Today, we know something about Super Bowl XLVIII that we didn't know when preseason games started way back in August. We know that crab and beer need to be on the menu because the Seattle Seahawks will be playing the Denver Broncos in Sunday's game. (6:30 p.m. kickoff, Fox, from MetLife Stadium in East Rutherford, N.J.)
Beer? When isn't beer on a football party menu?
Yeah, it's there for drinking, but since Denver is one of the nation's hot spots for microbreweries, and home to the annual Great American Beer Festival (Oct. 2-4), think about adding beer to food. (Seattle's no slouch in the microbrew arena either.)
So to satisfy the beer requirement, we recommend Beer Dip.

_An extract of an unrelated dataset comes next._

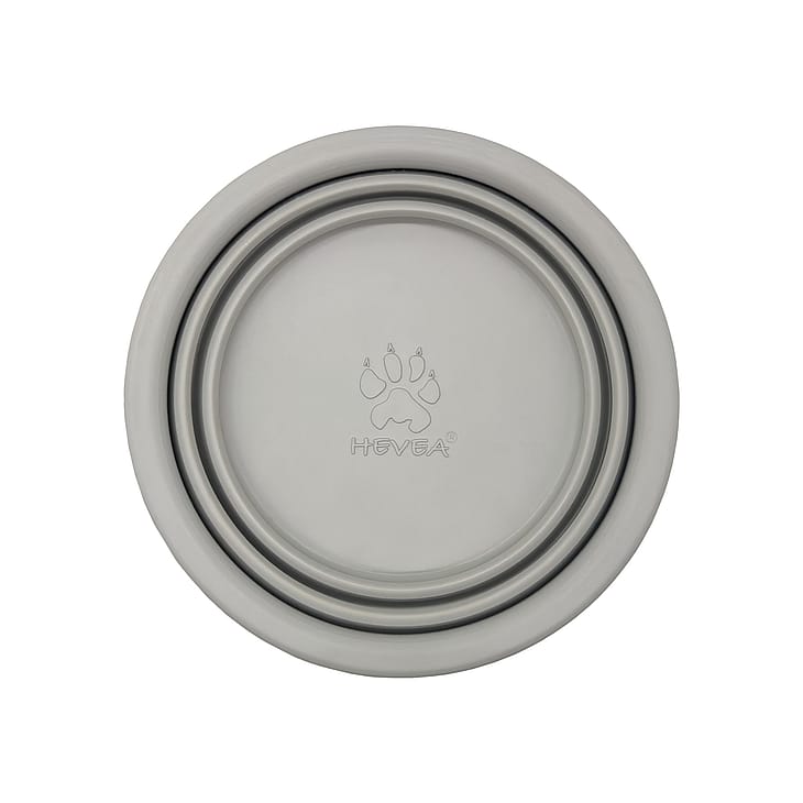 HEVEAs bløde, foldbare vand/foderskål i 100% naturgummi passer perfekt i lommen eller tasken, når du og din bedste ven er på farten.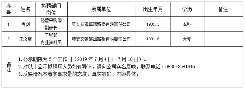 雅安交建集團子公司擬聘用人員公示(路橋公司)

And if you can't get your hands on Dale's Pale Ale, brewed in Longmont not far from Denver, go for another mild beer. I like Rolling Rock, but to salute the growing Tampa Bay craft beer movement, make the herby dip with Cigar City Brewing's Invasion Pale Ale.
So beer, check.
Now the crab. Seattle, like San Francisco, whom the Seahawks beat for the Super Bowl berth, is known for its Dungeness crab. The sweet meat is typically pried from the shell, dragged through melted butter and devoured. Alaskan king crab is on plenty of Seattle menus, too.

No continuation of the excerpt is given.